**The records:**
···
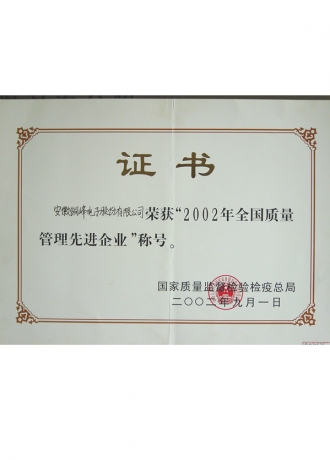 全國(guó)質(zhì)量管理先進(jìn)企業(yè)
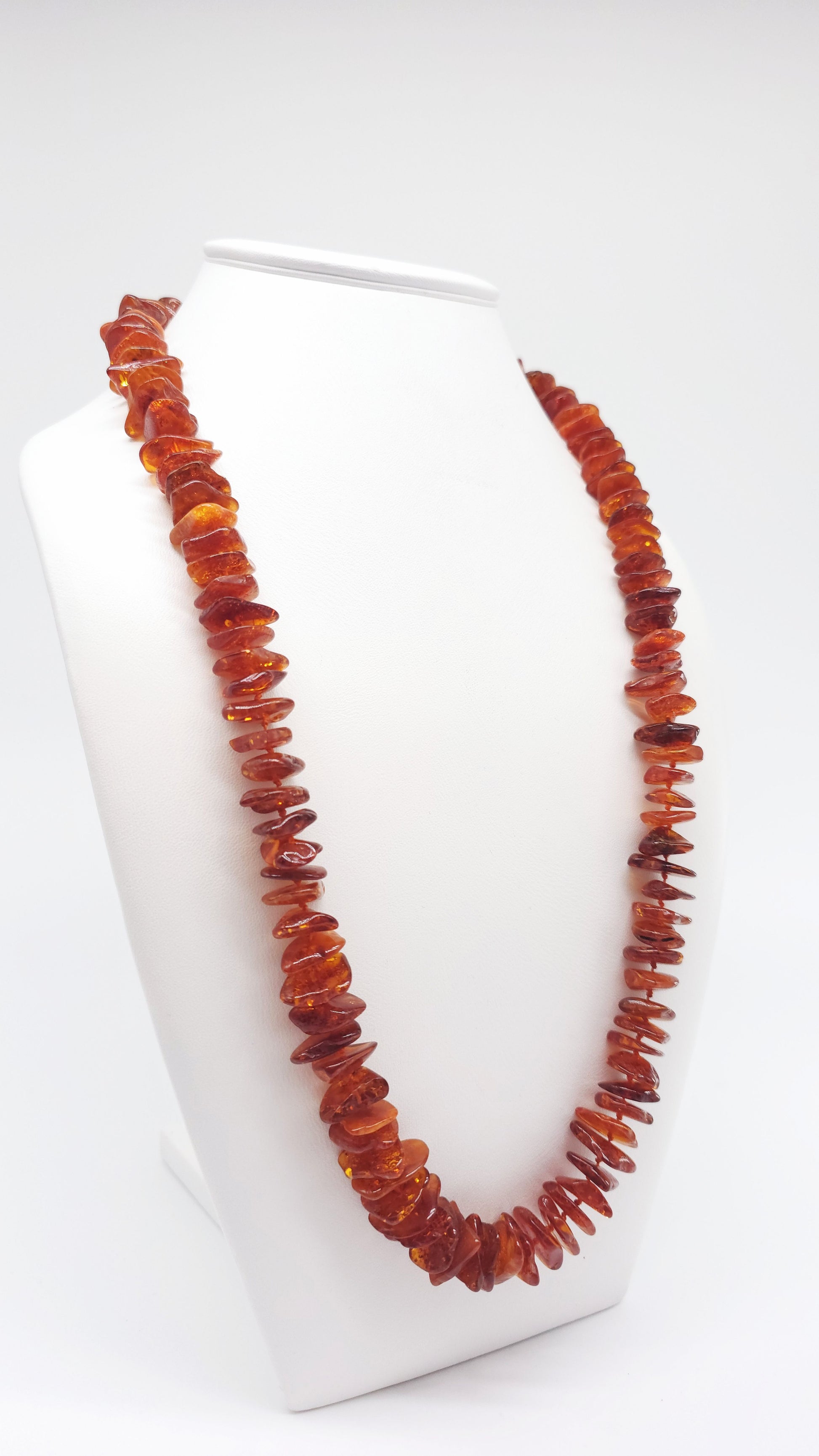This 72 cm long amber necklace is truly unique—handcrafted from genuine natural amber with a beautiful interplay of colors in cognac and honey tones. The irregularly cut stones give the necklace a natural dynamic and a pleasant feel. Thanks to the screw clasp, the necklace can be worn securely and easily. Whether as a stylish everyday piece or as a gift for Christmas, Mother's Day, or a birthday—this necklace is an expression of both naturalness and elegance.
···
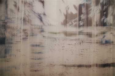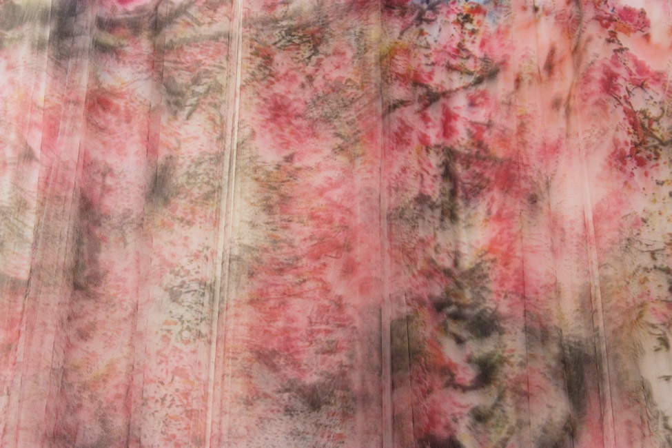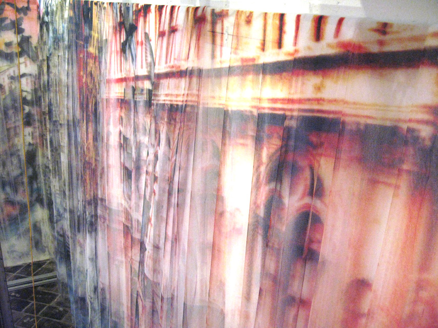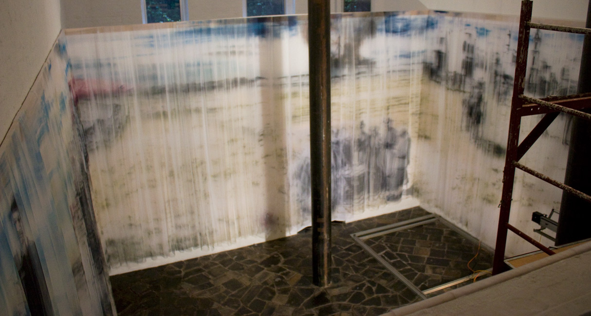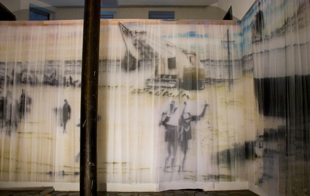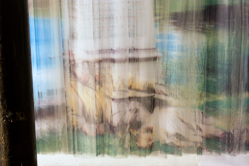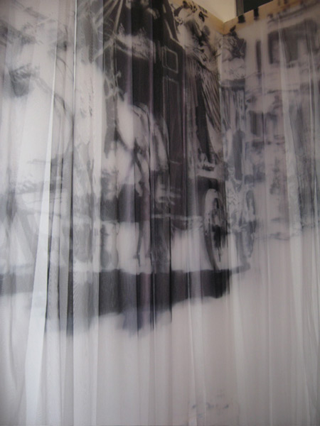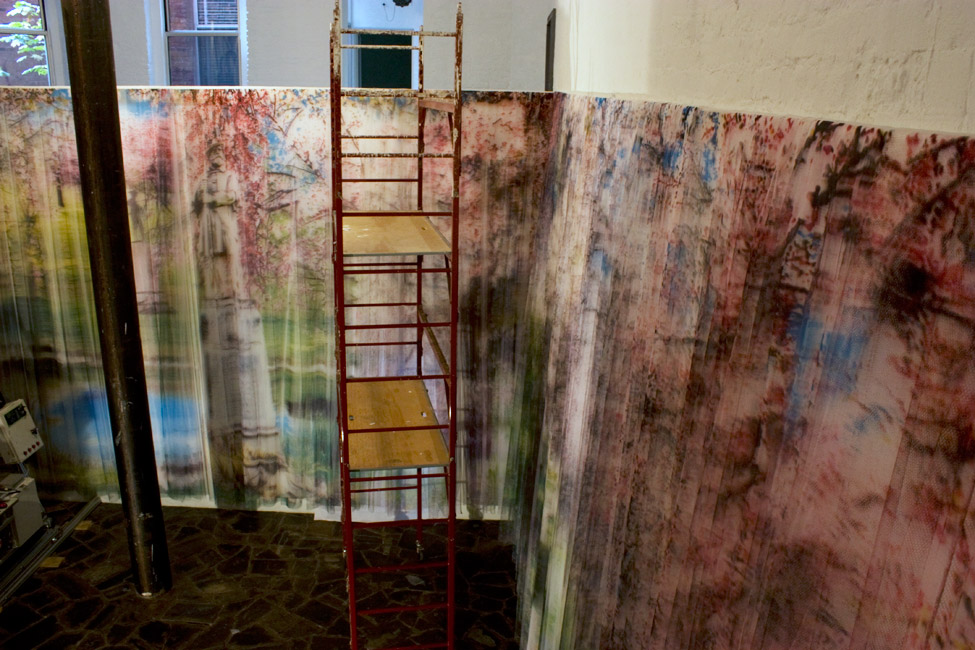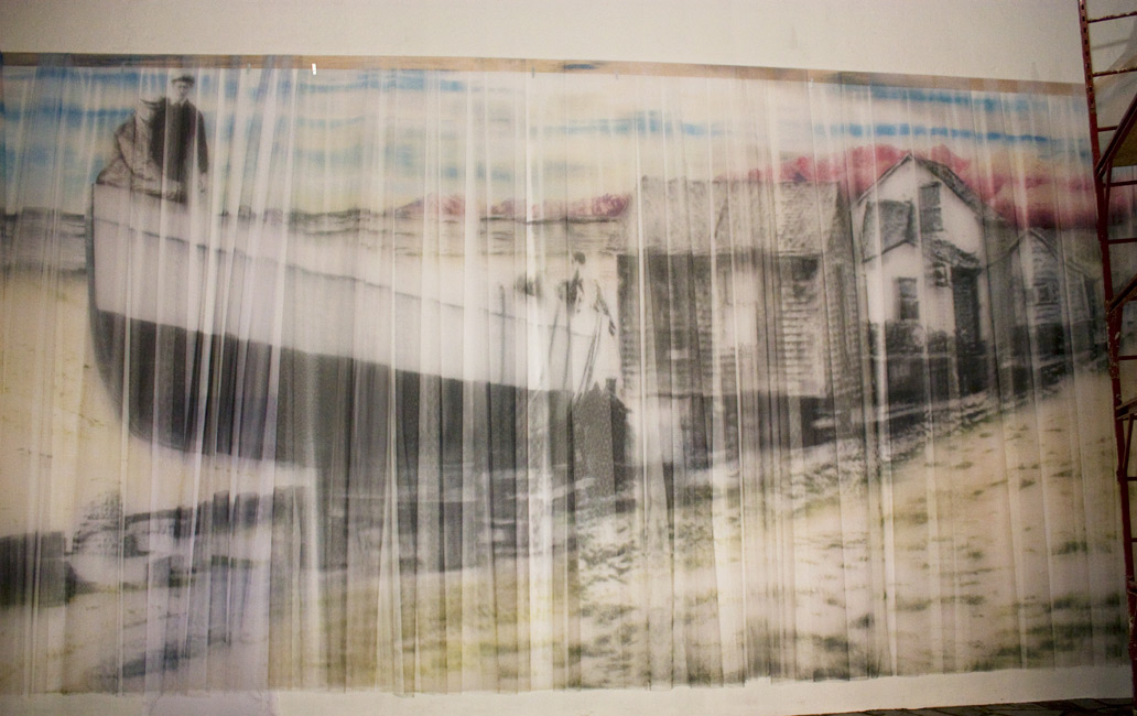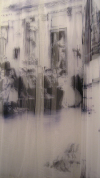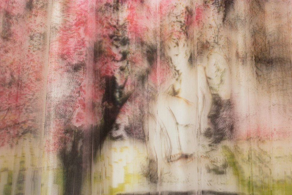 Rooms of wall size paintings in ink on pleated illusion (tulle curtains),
···
The copy should hold exactly the lines above from the one with "全國(guó)質(zhì)量管理先進(jìn)企業(yè)" through the one with "This 72 cm long", both ends counted, and no pictures at all.

**Output:**
 全國(guó)質(zhì)量管理先進(jìn)企業(yè)
This 72 cm long amber necklace is truly unique—handcrafted from genuine natural amber with a beautiful interplay of colors in cognac and honey tones. The irregularly cut stones give the necklace a natural dynamic and a pleasant feel. Thanks to the screw clasp, the necklace can be worn securely and easily. Whether as a stylish everyday piece or as a gift for Christmas, Mother's Day, or a birthday—this necklace is an expression of both naturalness and elegance.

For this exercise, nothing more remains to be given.